The Swedish International Development Cooperation Agency (Styrelsen för internationellt utvecklingssamarbete, Sida) is a government agency of the Swedish Ministry for Foreign Affairs. Sida is responsible for organization of the bulk of Sweden's official development assistance to developing countries. According to the OECD, 2024 official development assistance from Sweden decreased to US$5 billion, representing 0.79% of their gross national income (GNI).

Sida is informed by the Yogyakarta Principles in Action the working for the rights for LGBTI and Swedish government mandated an "Action plan for Sida's work on sexual orientation and gender identity in international development cooperation 2007–2009". As well as directly funding a number of LGBTI groups, Sida has actively promoted LGBTI issues in its networking with other donors and international stakeholders.

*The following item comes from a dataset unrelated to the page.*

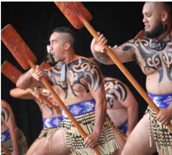
TE MATATINI 21-24 February 2019

== Research cooperation ==
A long-term development cooperation supported by Sida is its research cooperation, which aims at strengthening research in and by low-income countries, to reduce poverty and build sustainable societies. The budget was close to 1000 million SEK 2020.

== Annual budget ==
In 2024, Sida's annual budget was 26.5 billion SEK, similar to previous years. Sida has received criticism for being unable to manage the large amounts.

== Corruption issues ==
Sida has been embroiled in many corruption cases and typically discovers hundreds of suspected such cases every year.

== Criticism ==
Sida has received widespread criticism for:
- financial support to corruption-prone projects
- inefficient corruption prevention
- unsubstantiated financial decisions and lack of financial control
- weak results
- diffuse priorities and decisionmaking
- rampant conflict of interest
- sub-standard planning and coordination
- inefficient use of resources

In 2023, SIDA won a satyrical tax-wastefullness prize for long-lasting financial support to an organization that participated to the terrorist attack against Israel.